PROVIDED MATERIAL ->
◇ ◇ ◇

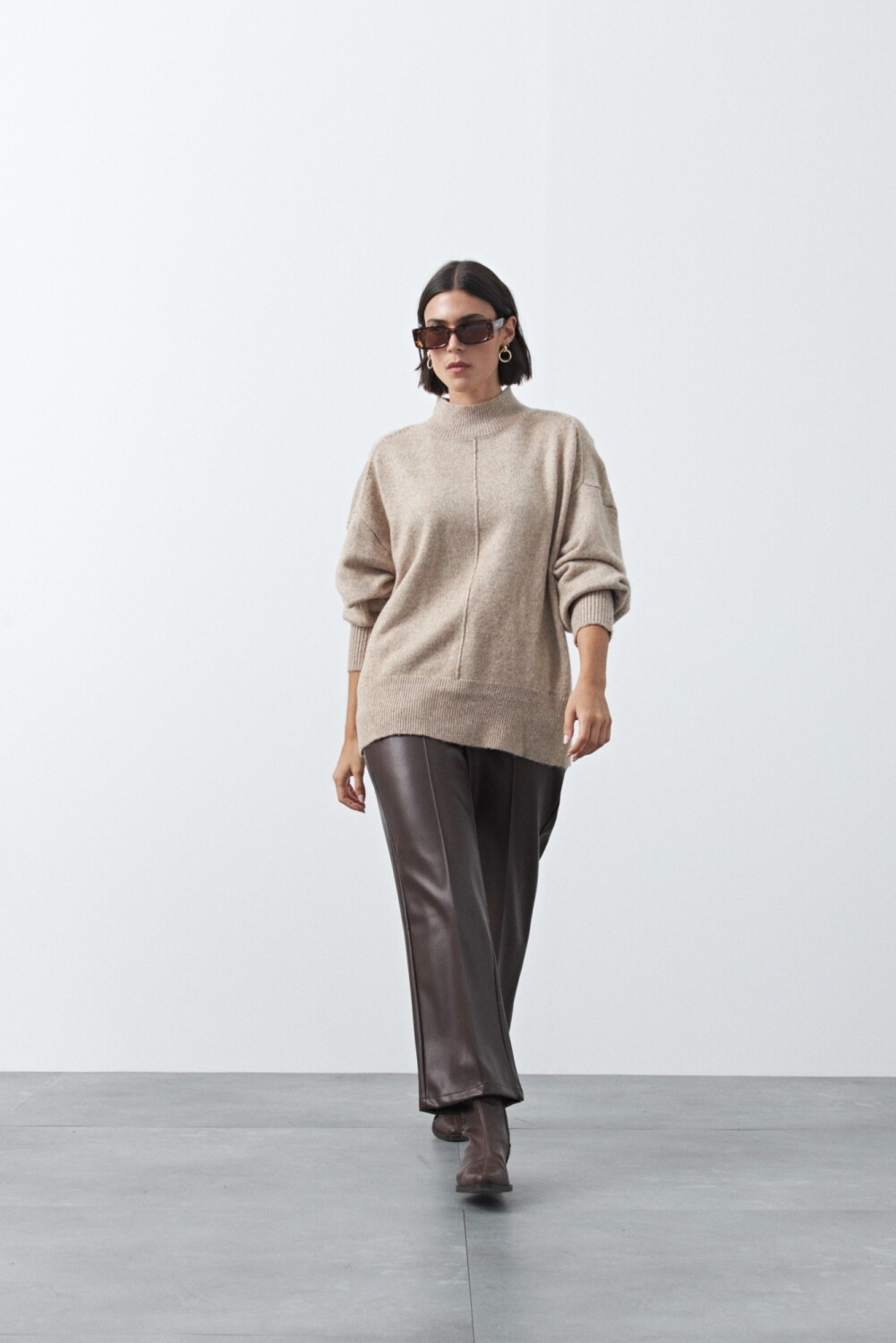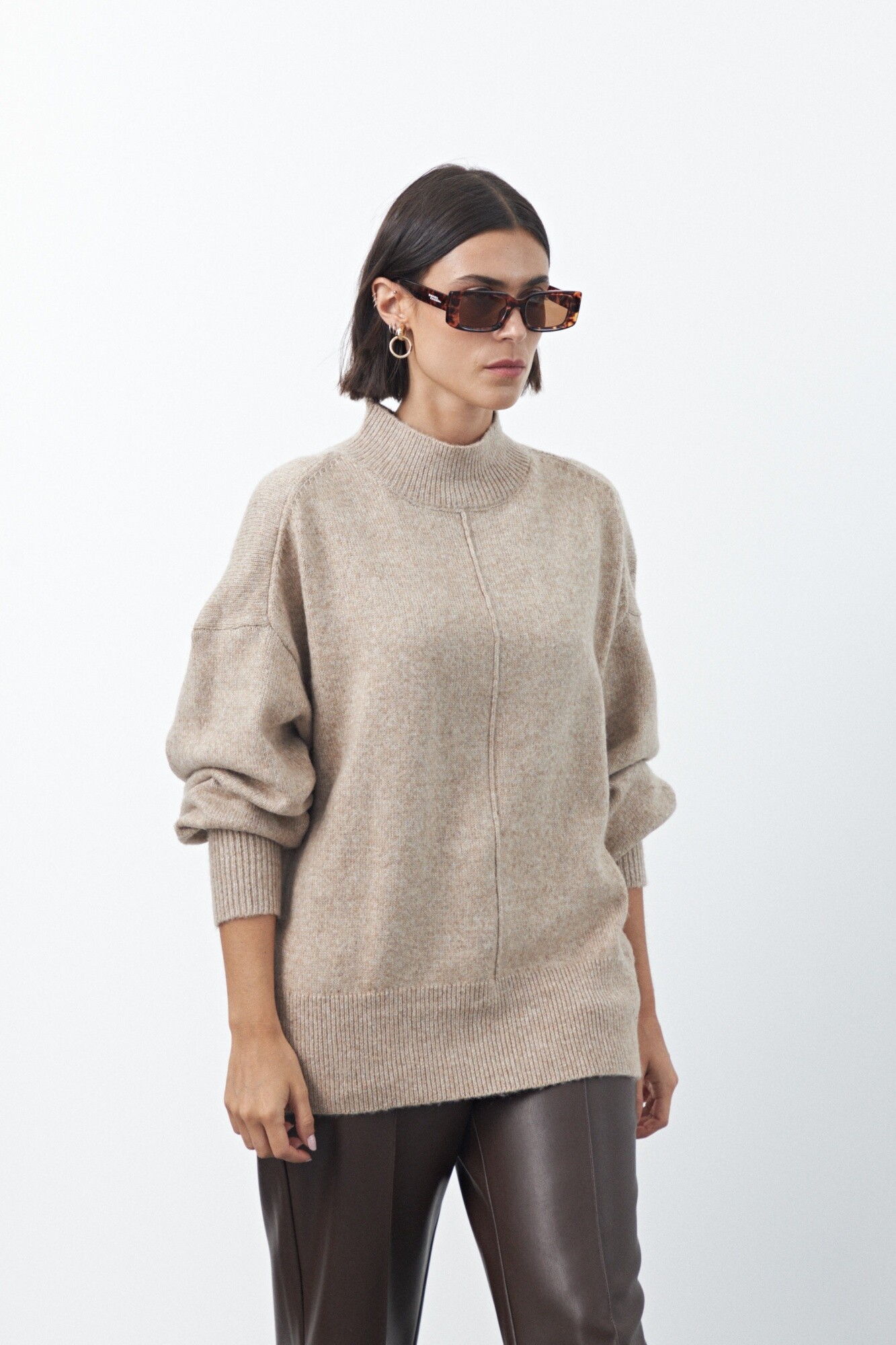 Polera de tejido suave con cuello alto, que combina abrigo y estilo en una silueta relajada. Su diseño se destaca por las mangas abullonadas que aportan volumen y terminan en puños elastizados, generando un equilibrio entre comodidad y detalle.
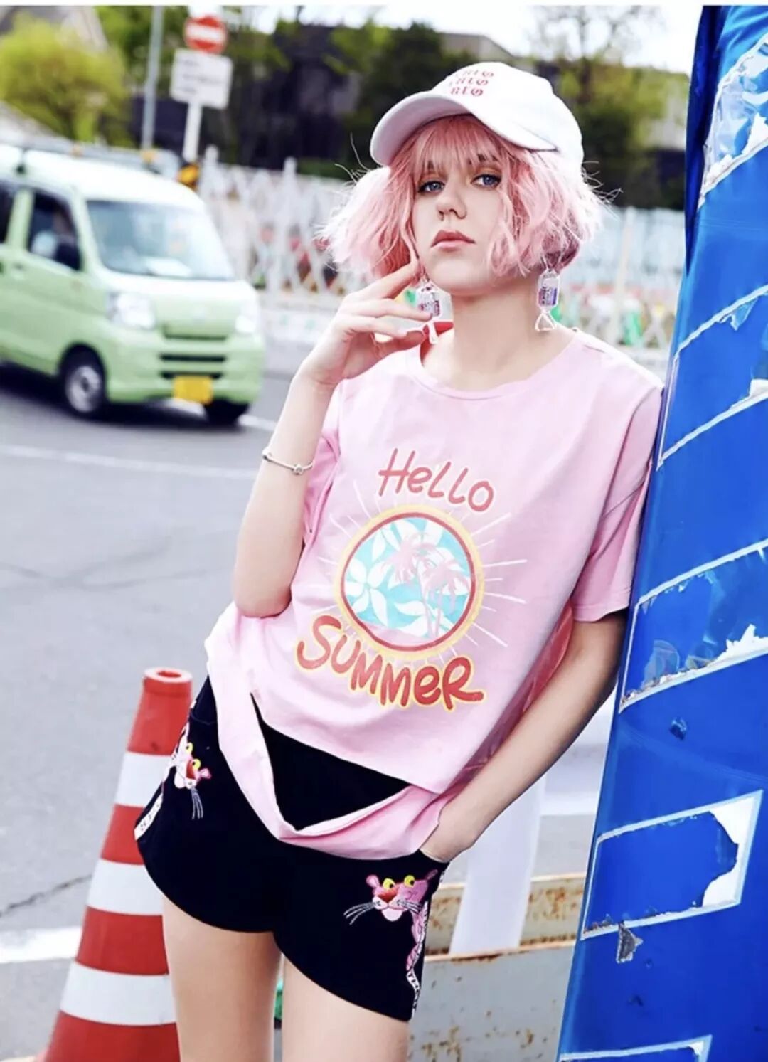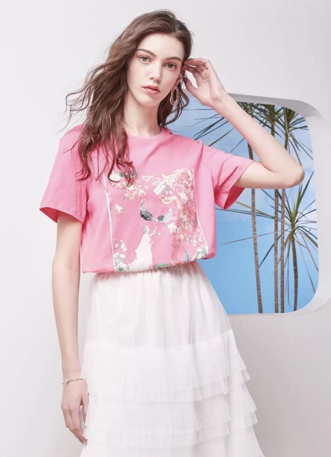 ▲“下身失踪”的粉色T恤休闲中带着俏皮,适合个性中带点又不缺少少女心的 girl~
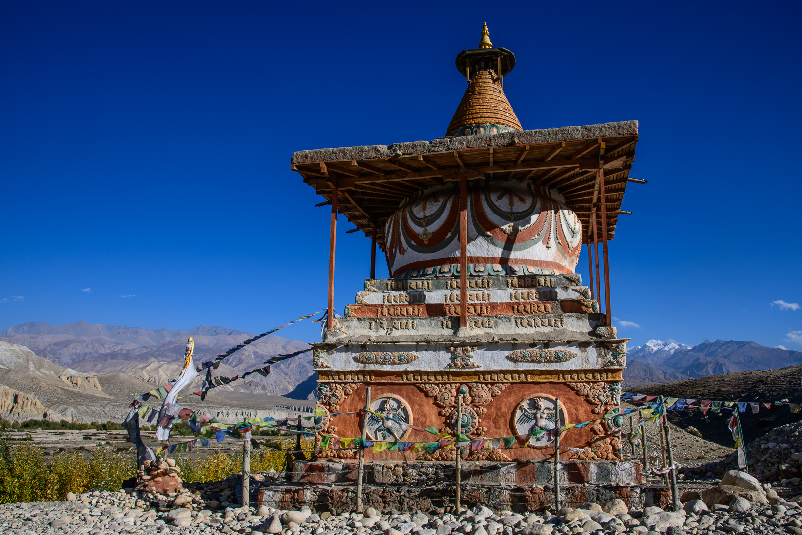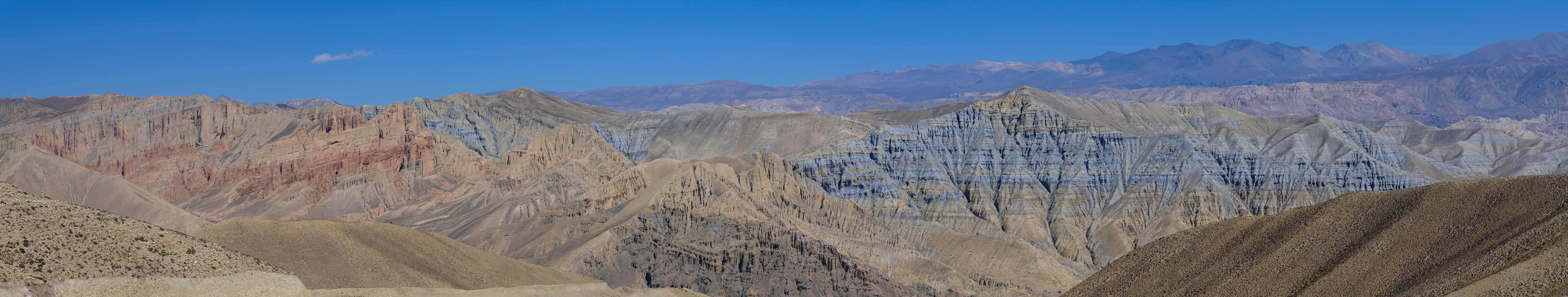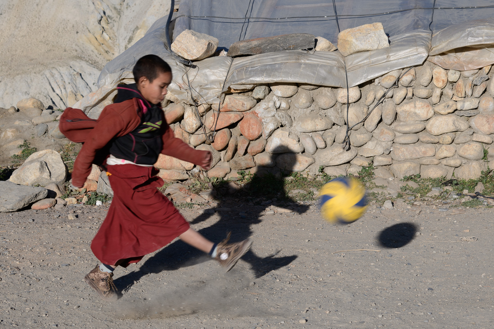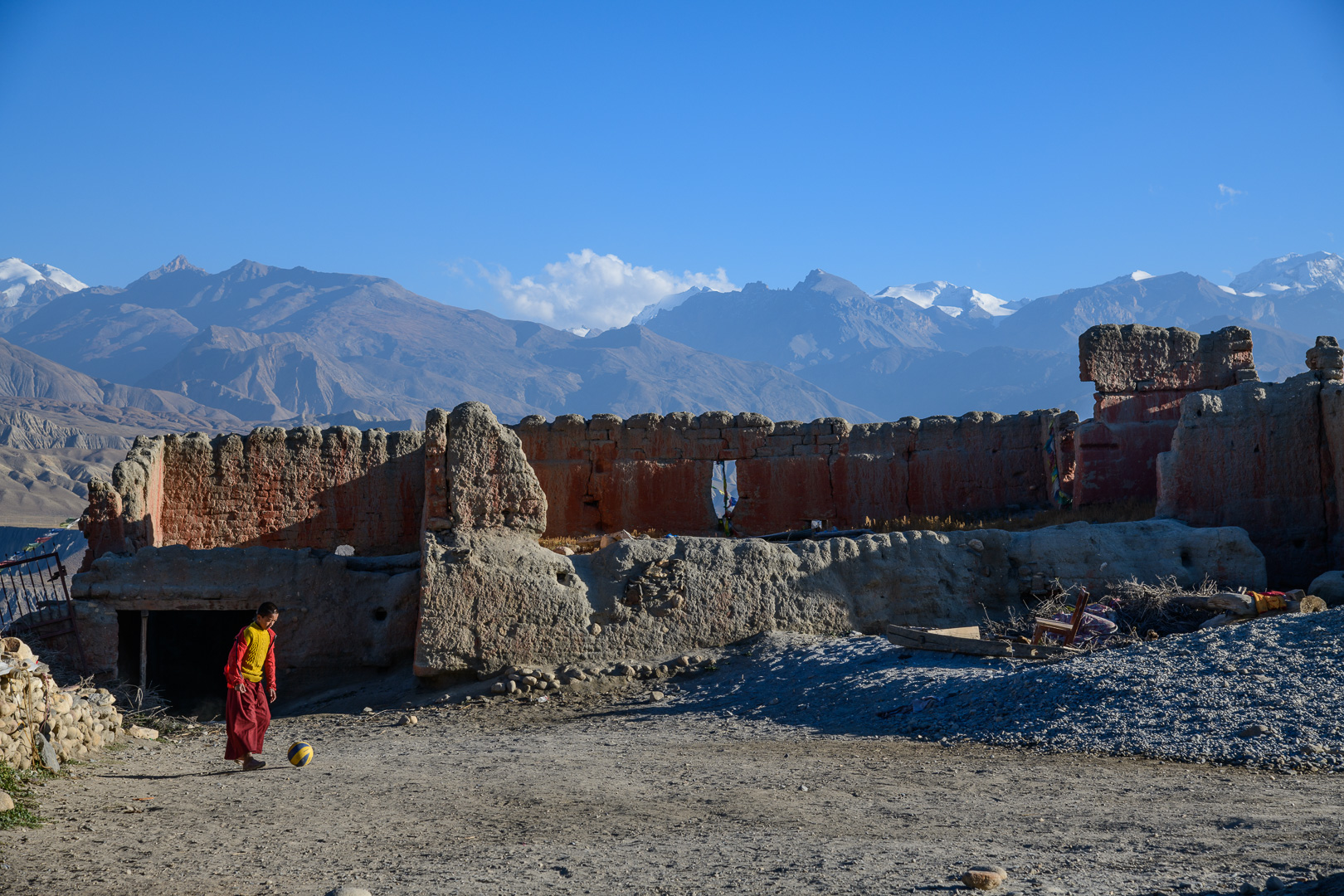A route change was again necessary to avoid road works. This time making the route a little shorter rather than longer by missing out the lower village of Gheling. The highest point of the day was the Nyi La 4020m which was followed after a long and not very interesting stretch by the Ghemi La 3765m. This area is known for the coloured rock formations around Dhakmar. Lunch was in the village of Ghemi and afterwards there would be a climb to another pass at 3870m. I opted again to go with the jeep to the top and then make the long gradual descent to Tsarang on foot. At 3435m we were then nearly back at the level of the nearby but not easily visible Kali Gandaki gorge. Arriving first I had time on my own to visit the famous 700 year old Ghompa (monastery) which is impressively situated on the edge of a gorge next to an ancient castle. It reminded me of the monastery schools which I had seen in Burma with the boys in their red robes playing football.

◇ ◇ ◇

BRIEF -> Set the pictures aside and reproduce the data above exactly.

SOLUTION ->
 Polera de tejido suave con cuello alto, que combina abrigo y estilo en una silueta relajada. Su diseño se destaca por las mangas abullonadas que aportan volumen y terminan en puños elastizados, generando un equilibrio entre comodidad y detalle.
 ▲“下身失踪”的粉色T恤休闲中带着俏皮,适合个性中带点又不缺少少女心的 girl~
A route change was again necessary to avoid road works. This time making the route a little shorter rather than longer by missing out the lower village of Gheling. The highest point of the day was the Nyi La 4020m which was followed after a long and not very interesting stretch by the Ghemi La 3765m. This area is known for the coloured rock formations around Dhakmar. Lunch was in the village of Ghemi and afterwards there would be a climb to another pass at 3870m. I opted again to go with the jeep to the top and then make the long gradual descent to Tsarang on foot. At 3435m we were then nearly back at the level of the nearby but not easily visible Kali Gandaki gorge. Arriving first I had time on my own to visit the famous 700 year old Ghompa (monastery) which is impressively situated on the edge of a gorge next to an ancient castle. It reminded me of the monastery schools which I had seen in Burma with the boys in their red robes playing football.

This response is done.